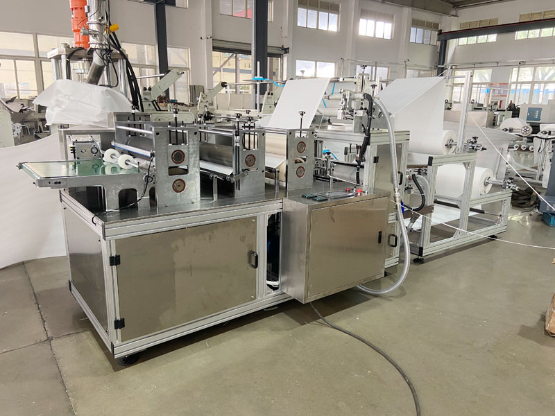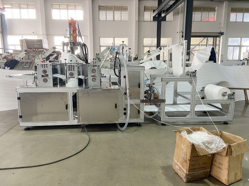 本公司自主研發一次性無紡布靴套機 松緊式靴套的專用機械。該機為不銹鋼結構,獨立電器控制箱,只需一人操作,從送料至成型、計數、收集完成自動化控制,最高每分鐘生產90只
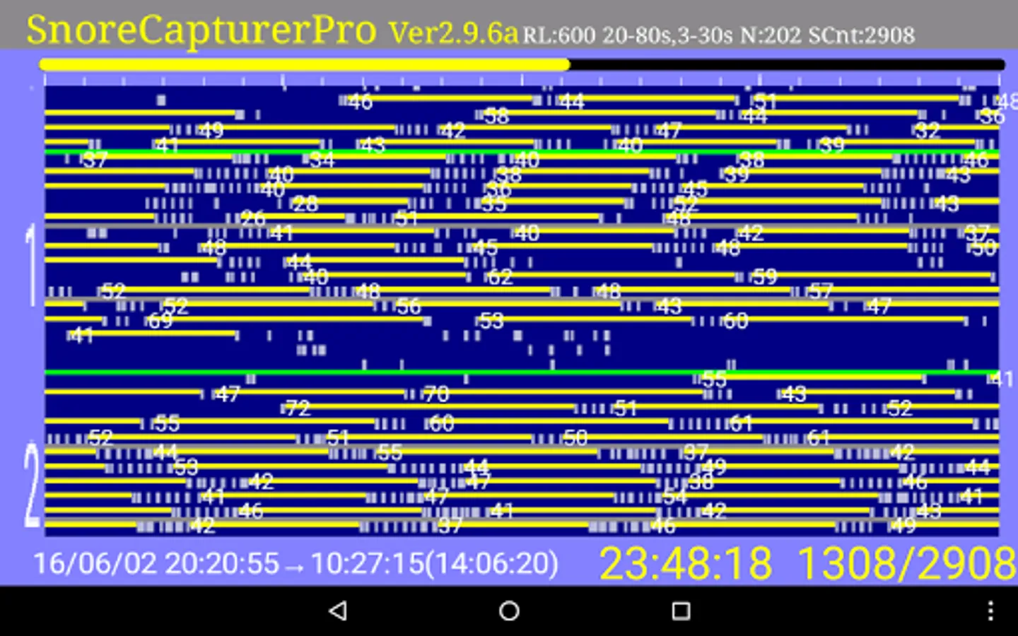 ・You can visualize your snoring and see them.See the screen shot.Each dot corresponds to one snore etc.
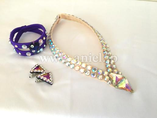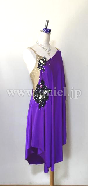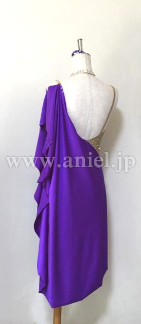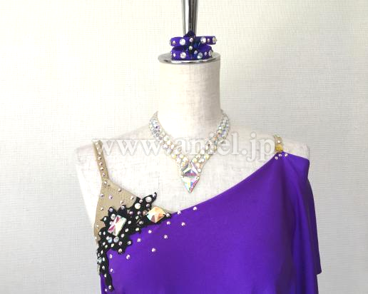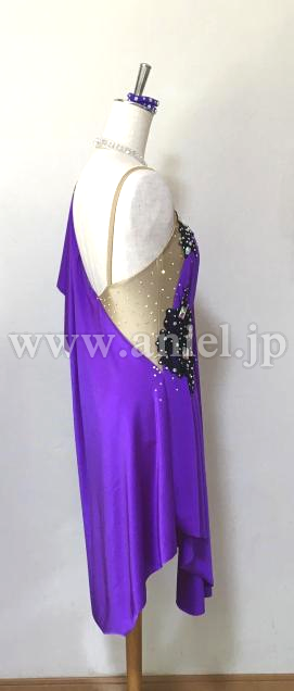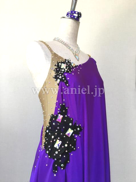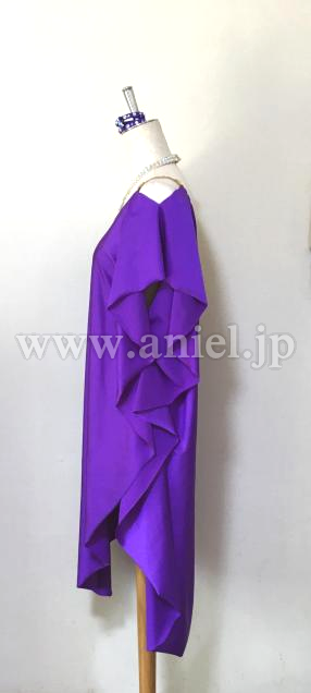 紫色の肩からのドレープが二の腕をほどよくカバーしながら、軽く良く踊り、モチーフ&ボディのオーロラストーン輝きます。
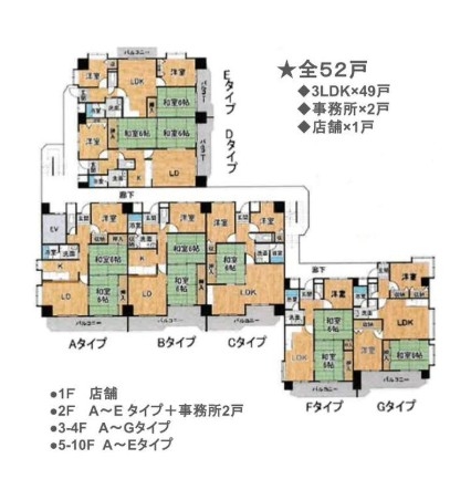 全52戸(3LDK×49戸、事務所×2戸、店舗×1戸)からなる収益マンションで、現況利回りは約5.5%。

....................

In your answer, repeat the material above in full, exactly, and without its pictures.

● **The completed task**:
 本公司自主研發一次性無紡布靴套機 松緊式靴套的專用機械。該機為不銹鋼結構,獨立電器控制箱,只需一人操作,從送料至成型、計數、收集完成自動化控制,最高每分鐘生產90只
 ・You can visualize your snoring and see them.See the screen shot.Each dot corresponds to one snore etc.
 紫色の肩からのドレープが二の腕をほどよくカバーしながら、軽く良く踊り、モチーフ&ボディのオーロラストーン輝きます。
 全52戸(3LDK×49戸、事務所×2戸、店舗×1戸)からなる収益マンションで、現況利回りは約5.5%。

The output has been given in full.